В Субботу Великую погребли Иосифа, а сразу же за Светлым Воскресением, не мешкая, никому не доверяясь, царь поспешил в патриаршьи покои, чтоб самолично описать келейную казну. Да и то истинно сказать: стоило бы промедлить днем, живо бы ополовинили патриаршье имение, схитили, покрали, а после дознайся, что имелось во владычином житье, ибо редка была та статья, что записана, а больше копилось без учету; Иосиф каждую вещь в уме держал. А осталось в келейной казне денег одних тринадцать тысяч рублей с лишком, а сколько сосудов серебряных, блюд, сковородок, кубков, стоп и тарелей – бессчетно. Скупенек был покойный, за ним эта привычка водилась: прижимист был и прикапливал со всей огромной патриаршьей области в свою домовую казну. Да и верно: не для себя хранил, не себе потакал ради стяжателя Мамоны, но ради устроения церкви; всякий грош тешил Иосиф, со страданием выпускал из горсти, и в том, что келейная казна полнилась, находил странное утешение, будто тем самым особенно приближался к Господу за свое вседневное страдание. Святитель велик не тем, как беззастенчиво, радуясь щедрости своей, растрясает попусту деньгу, но как полнит патриаршьи сундуки. У скупа не у нета, есть что взять.

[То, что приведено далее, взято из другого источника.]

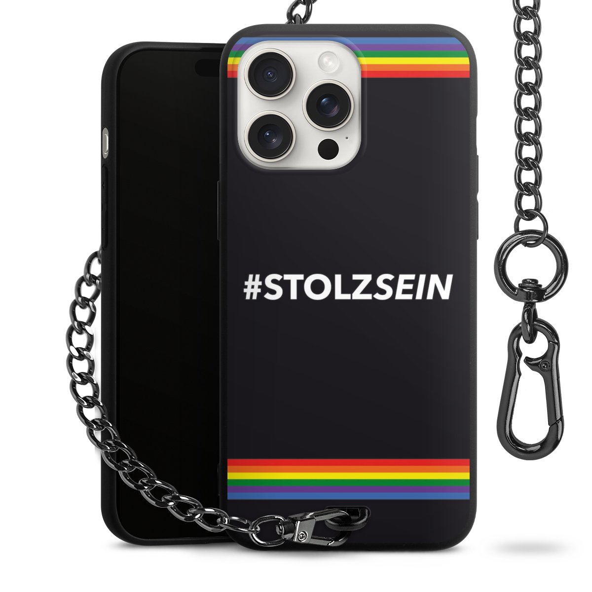 Die mattschwarze Silikon-Handyhülle besteht aus robustem TPU (thermoplastisches Polyurethan). Sie ist flexibel und schützt Dein Smartphone vor Stößen und Kratzern. Die Kette sowie der Karabinerhaken sind aus Metall in Gunmetal-Optik gefertigt. Für dieses Produkt kommen ausschließlich TÜV-geprüfte Materialien zum Einsatz.
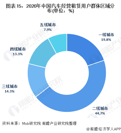 近年来新一线城市及二线城市经济快速发展,由于人口基数较大,已成为汽车经营租赁聚集地,2020年,二线城市经营租赁用户群体占44.7%。
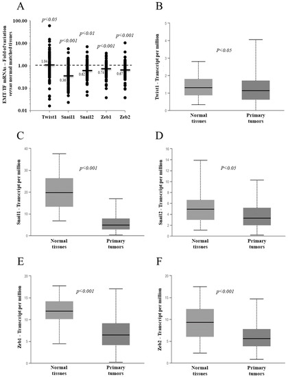 Analyses of the five EMT-TFs mRNA levels of the 95 PTC tissues, compared to their normal matched tissues, revealed that all of them were deregulated in the majority of cancer tissues, as shown in panel A of Figure 1. With the exception of Twist1, which showed a minimal, but significant, increment in the median value, all the other EMT-TFs showed a significant reduction in their medians compared to the normal matched tissues (Figure 1). A very similar outcome emerged from the analysis of a case study from The Cancer Genome Atlas (TGCA) network comprising 505 PTCs, as reported in panels B–F of Figure 1 [26,29]. It has to be mentioned that, while, in our analyses, the mRNA levels of the different EMT-TFs in PTC tissues were compared with the normal matched tissues, in the TGCA study, the EMT-TF expressions found in 505 PTC tissues were compared with those found in 59 unmatched normal tissues [26].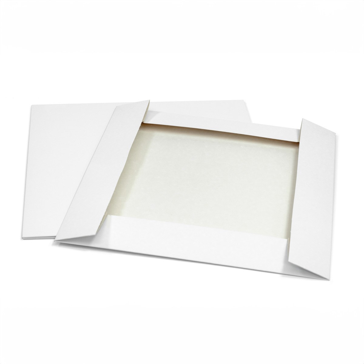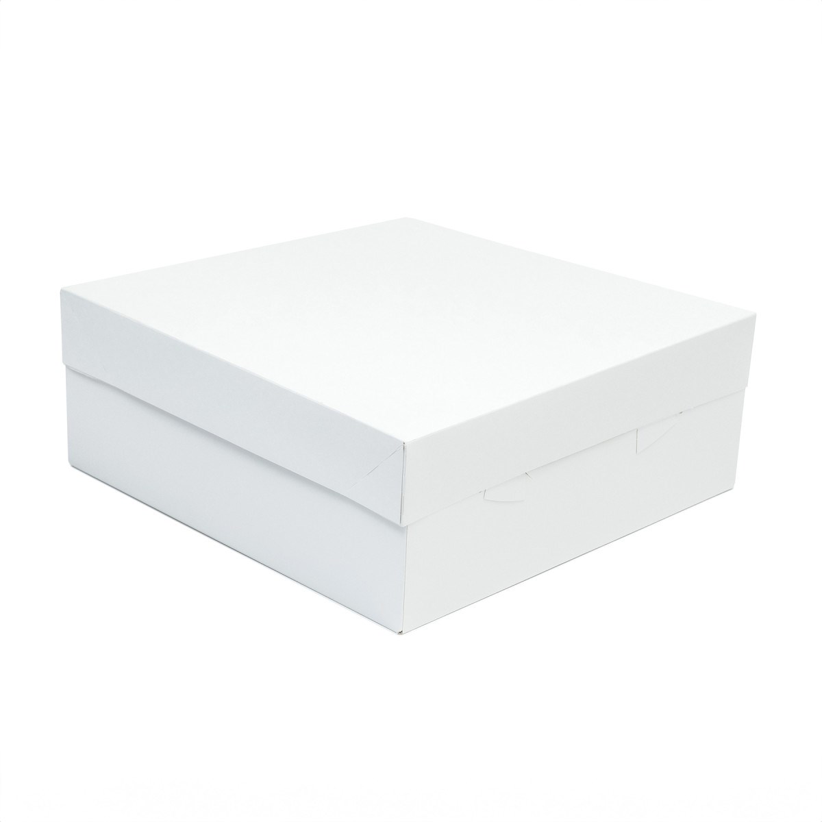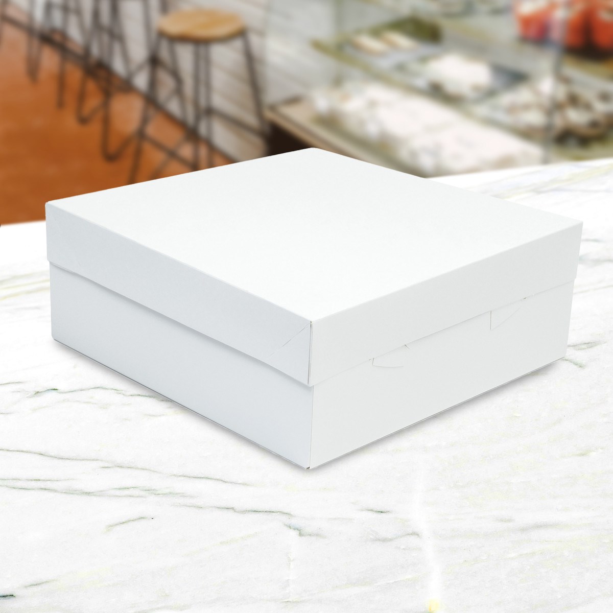 These white cake boxes with lids come folded and flat packed for convenient storage. The box bases are quick and easy to assemble. The pre-glued lids fit perfectly on top.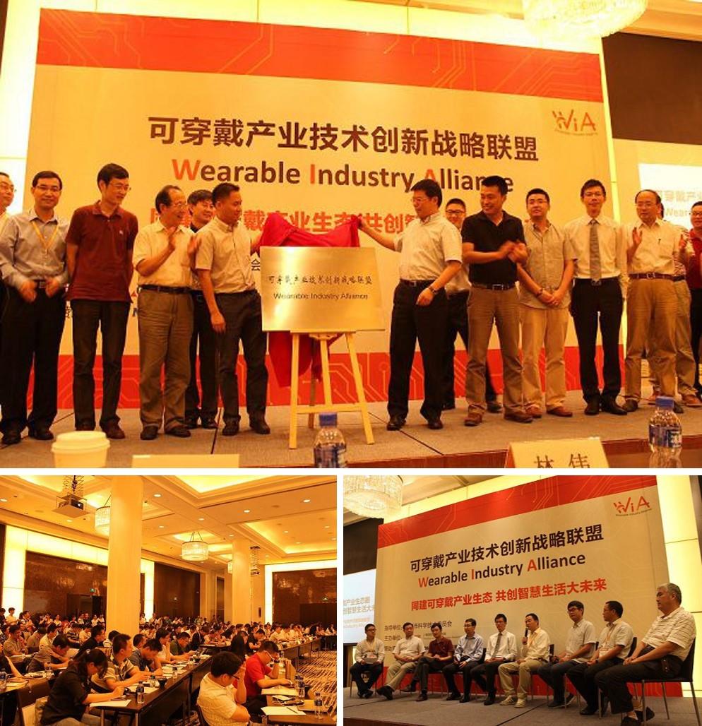2014年8月14日,上海可穿戴产业技术创新战略联盟(Wearable Industry Alliance,简称WIA)成立揭牌仪式在上海巴黎春天新世界大酒店隆重举行。来自可穿戴产业链、科研单位及相关行业超过250名嘉宾代表莅临会议。本次会议特别邀请到上海市科委高新处肖菁,上海市嘉定菊园经济区副主任陈烨,上海集成电路行业协会秘书长蒋守雷,中科院上海微系统所副所长赵建龙,sunbet申搏官方网站科技术处副处长施鹰教授,联想研究院上海分院院长毛世杰,博通技术总监杨学贤,博世市场总监Hsieh Peter,盛大果壳代表,德赛微米CEO许友金,上海微技术工研院首席分析师曹明霞等业界专家参加并发言。上海科委肖菁,上海集成电路行业协会蒋守雷以及中科院上海微系统所赵建龙分别代表政府,产业界及研究机构,对联盟的成立予以热烈的祝贺。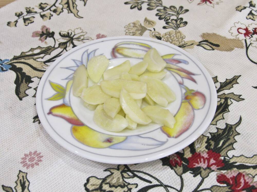 - Чесночные зубки очищаем и нарезаем пластинками. Можно оставить и целиком.

Плакали попы от Иосифа, лили слезы царю на своего господина, но государь в том деле патриарху не указ. Прежде попы ставились у местных архиереев, а Иосиф запретил, желая собрать патриаршье имение. Попам перехожих грамот давать не велел по городам, но лишь на Москве из Казенного приказа, хотя обогатить дьяка своего Ивана Кокошилова на подьячих. Перехожая из церкви в церкву обходилась иному беззаступному попу рублей в пятнадцать, кроме своего харчу: волочились бедные по престольной недель до тридцати. Иной несчастный священник насквозь проестся, да и уедет прочь ни с чем, а попадья с детишонками тем временем меж дворов скитаются Христа ради. Так и строилась патриаршья кладовая.
И о том припомнилось государю, когда он переписывал келейную казну в ларях и печурах, по сундукам и по лицам, дивясь той бережливости, с какою патриарх стерег имение. Всякая вещь иль в бумагу завернута в несколько слоев, иль киндяком окручена. Приказав патриаршьему служке никого не допускать до кельи и не тревожить, с особенным удовольствием принялся царь к досмотру казны, погружаясь в чужой мир и дивясь его прелести: всякая вещь, тарель, иль потир, иль церковный сосуд хранили в себе след художной руки и отпечаток таинственной, давно отплывшей за земные пределы души: прелесть всякой вещи ворожила в царевом сердце тихую радость и чистую зависть. Сколько раз Алексей Михайлович едва не покусился на иные сосуды – так хотелось обладать ими, но лишь милостию Божией воздержался от греха. Казалось бы, чего царю-то себя сторожить да честить, всякая тварь в государстве ему в поклоне и жизнью обязана; втрое и вчетверо мог бы государь цену дать, но остерег себя. И то, что руку не положил на чужое, не отторг для царева имения из келейной казны, и от людей не будет зазорно, и душу стыд не выест от напрасного завистливого греха, особенно грело государево сердце. Тяжело пересиливать искус, утихомиривать гордыню самодержцу, когда все на земле подпятно тебе; и если оборол мгновенную слабость, не поддался сластолюбию, то как бы брешь в ограде душевной вовремя уловил и залатал от невидимого луканьки.